The explanations hereafter assume that primarily automated data manipulation will be employed to prepare, augment and analyse the datasets—first and foremost on the (merged) priority filings dataset. Anew, the latter is the dataset based on the default display option (list results), see Figure 7 for an example of a resulting dataset.

FIGURE 7.

FIGURE 7

The Excel output of the results list, showing information per patent family. Data manipulation should be done before analysis.

DATA PREPARATION

First of all, backups of the downloaded datasets—which have not been modified and together with the search queries upon which they are based—should always be held separate from the datasets that are the work in progress (WiP). A very important rule to start with: patents are always associated with family numbers. The family number should—at all times—remain the unique identifier for each patent (data line). In some cases, analysis might require duplication of data lines (preserving the identical identifier per patent) if additional information is added to the dataset to differentially explore associations/distributions across applicant groups, technologies, etc.

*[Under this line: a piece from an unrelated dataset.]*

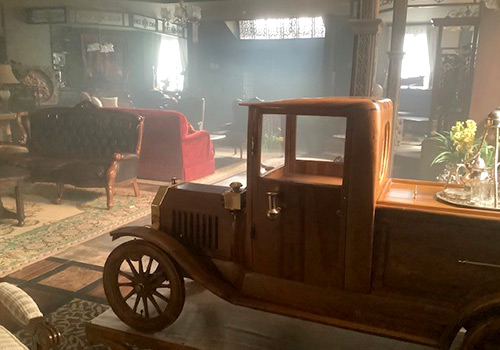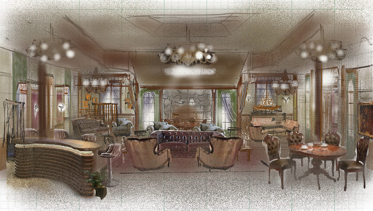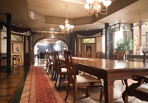 ― 「クラシックミステリー」ということなので、西洋風の重厚感を意識しました。といっても、普通にデザインしてしまうと「ホテルのロビー」になってしまう。あくまで個人の別荘ですから「趣味性」や「クセ」が感じられる空間にしています。“一品モノも多いのにどこか統一性もある”というニュアンスを出すため、装飾スタッフとはかなり細かく打ち合わせをしました。
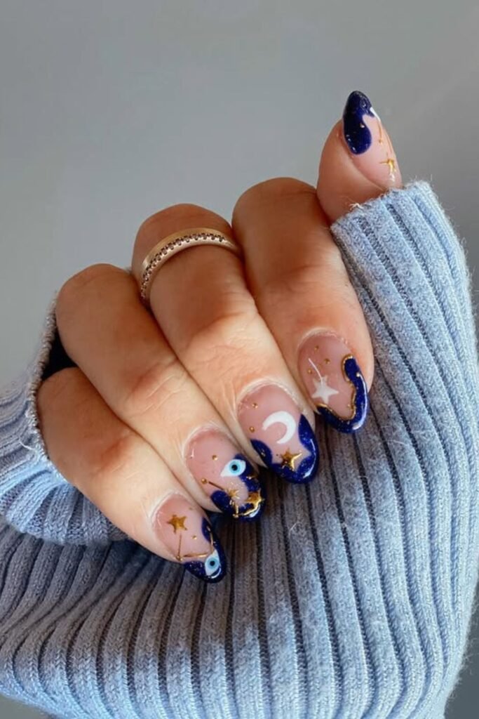 Deep navy edges create a moody frame here, letting the tiny moons, stars, and evil-eye accents feel almost like a night sky on your nails.

If working with MS Excel, as an alternative to a DBMS, it is highly recommended to re‐organise the data into a Pivot table format early on. During this process, relevant data across the tables can be collated into one master table. Using a Pivot table substantially reduces the need for manual coding of formulae for sorting and filtering data, and advanced analysis. Manual coding can be a highly time‐consuming undertaking and is easily underestimated.

Irrespective of the decision to use Pivot tables or not, 5 in a first step, the WiP datasets must be cleaned and prepared for proper analysis: some data columns will have to be transformed and harmonised; others augmented and associated with new variables; even others omitted, if these prove to be irrelevant for the investigation; etc. Just to re‐iterate, data manipulation depends on the type of data and analysis that is required per the research objective. While minute explanation of this process is beyond the scope of this communication, some basic examples of data transformation and/or augmentation are provided below.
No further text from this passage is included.